Quando acendi as luzes, uma mulher idosa, que pouco tinha
falado durante os dois primeiros dias do seminário, levantou-
se e ergueu a mão, como se estivesse em uma sala do curso
primário. Seu rosto refinado era quase translúcido, e ela vestia
um conjunto de lã azul contrastando com as calças de
moletom e as camisetas de quase todos os outros. Seu cabelo
estava preso na nuca em um coque macio, e ela usava um
colar de pérolas. Senti que tinha chegado o anjo do seminário.
- Posso dizer uma coisa, minha querida? - ela perguntou.
—É claro — eu disse.
- Eu tenho noventa e dois anos. - Ela riu baixinho. Todos
ficaram atônitos. Era uma mulher tão enérgica e elegante que
ninguém teria adivinhado sua idade.
- Estou falando para todos, mas especialmente para você —
sua voz era calorosa, e ela se voltou para a mulher zangada,
no outro lado do círculo. - Tive uma vida de aventuras e de
perdas. Perdi dois maridos e um filho. Porém, aos noventa e
dois anos, por mais que me esforce, não consigo achar
qualquer coisa que me faça infeliz! Sei agora que todas as
minhas dificuldades fizeram de mim o que eu devia ser.

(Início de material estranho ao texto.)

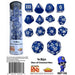 Approved for use with DCC. Contains Roman D3, Top Read D4, D5, D6, D7, D8, D10, D%10, D12, D14, D16, D20, D24 and D30.
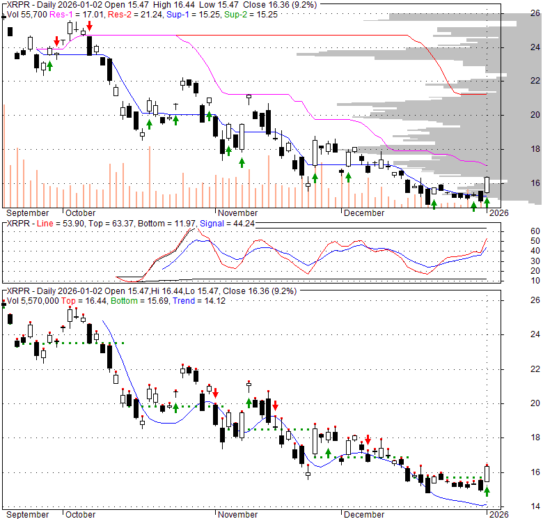 Price has closed above its short-term moving average. Short-term moving average is currently below mid-term; and below long-term moving average. From the relationship between price and moving averages: This stock is NEUTRAL in short-term; and NEUTRAL in mid-long term.[ XRPR ] has closed below upper band by 13.2%. Bollinger Bands are 0% narrower than normal.
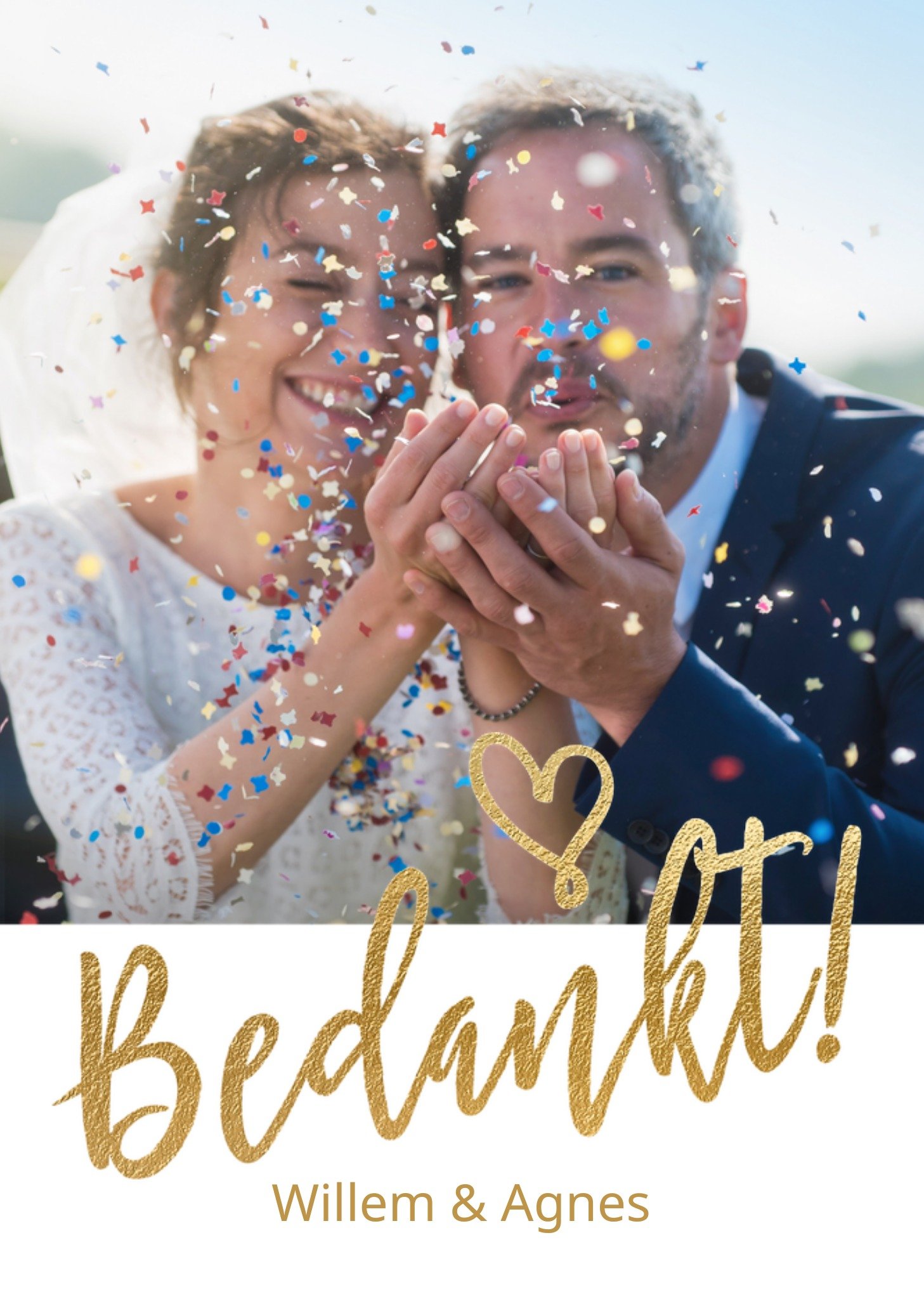 Luckz Bedankt kaartje Foto Goud Wit Hartje Giant Card

Então ela se inclinou e olhou diretamente para a mulher
zangada.
- Você conhece o poeta Rainer Maria Rilke? Ele escreveu um
poema que termina assim: "Na dificuldade estão as forças
amigas, as mãos que trabalham em nós." Não é maravilhoso?
Nossos problemas são amistosos! São como mãos que querem
trabalhar em nós. Querem nos fazer fortes. Sem dúvida,
trabalharam em mim! Agora, embora eu seja uma mulher
velha, estou mais forte do que nunca. Acordo todos os dias
grata por estar viva. Posso fazer o que quero. Posso observar
pássaros, estar com amigos, ler ou não fazer coisa alguma. Não
tenho do que me queixar. Nenhum lugar para ir, nada para
pegar. Nada me perturba. Quero dizer a você, minha querida,
que se chegar à minha idade todos os seus problemas
parecerão velhos amigos. Eu prometo.
Ninguém disse uma palavra, e ela voltou a sentar-se. Ficamos
comovidos com sua dádiva inesperada. Alguns sorriam e
alguns tinham lágrimas nos olhos, mas a mulher zangada não
pareceu se abalar. Depois de um silêncio, ela se voltou para a
elegante senhora idosa e perguntou:
- Então está dizendo que tenho de esperar 50 anos para ser
feliz?
- Ah, minha querida - disse o anjo do seminário -, não se
preocupe. Serão os anos mais rápidos da sua vida.